Наталья и вправду очень красивая. Ее красное платье подчеркивает ее прекрасную талию. Глаза ее непорочны, она невинная и чиста, но все в ней говорит о том, что она бунтарка по натуре и все ее нутро живет в вечной войне с чужими мнениями, пересекающимися с ее позицией относительно всего.

– Александр Чернов? Мы многое слышали о вас, – она улыбнулась.

Мимо нас прошла дама, и я резко почувствовал аромат мускуса, ванили и амбры, этот аромат схватил меня под руку и перенес в мои воспоминания, мои болезненные воспоминания, терзающие душу. И вот ведь вздор! Я не мог вспомнить эти воспоминания, но мне становилось не по себе. К счастью, я не показал этого и, не совсем помня, что сказала Виктория Алексеевна пару секунд назад, я ответил, надеясь угадать:

– Верьте каждому слову, – нелепая пауза, и я добавил: – Будем знакомы!

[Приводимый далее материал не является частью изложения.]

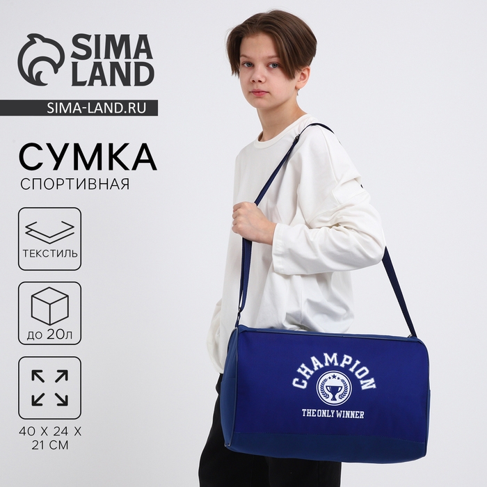 Сумка детская спортивная для мальчика «Чемпион», 40х24х21, отд на молнии, синий
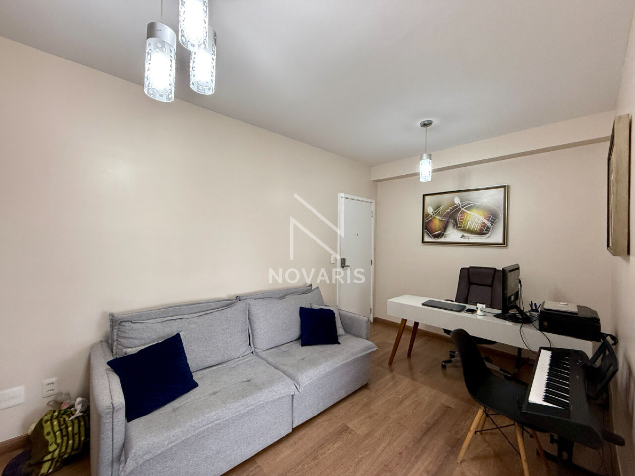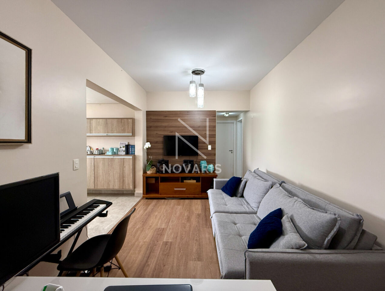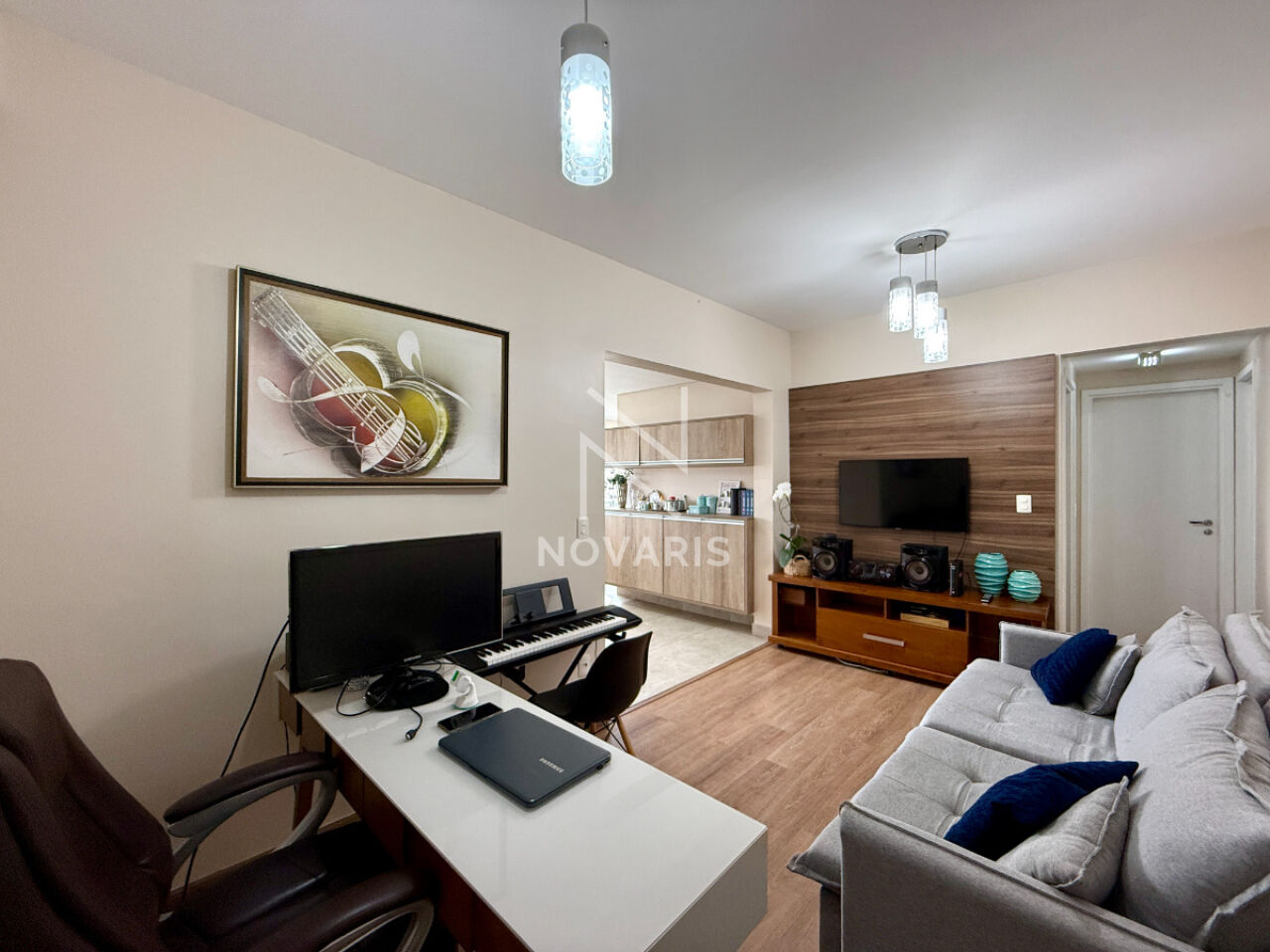 Planta Funcional de 76,50m²: Com 2 dormitórios (sendo 1 Suíte), a distribuição é ideal para integração de ambientes.

Я уже не смотрел на наших собеседников, а даже повернулся вполоборота, пытаясь глазами найти ту даму и вновь почувствовать этот аромат, который причинял мне унизительную боль. Но я только терялся в догадках, кто это мог быть и что за неощутимая боль терзала мое сознание.

– Вы так уверены, что слухи о вас положительны? – девушка не могла долго молчать и съязвила.

Я посмотрел на нее, и она тут же опустила глаза в пол.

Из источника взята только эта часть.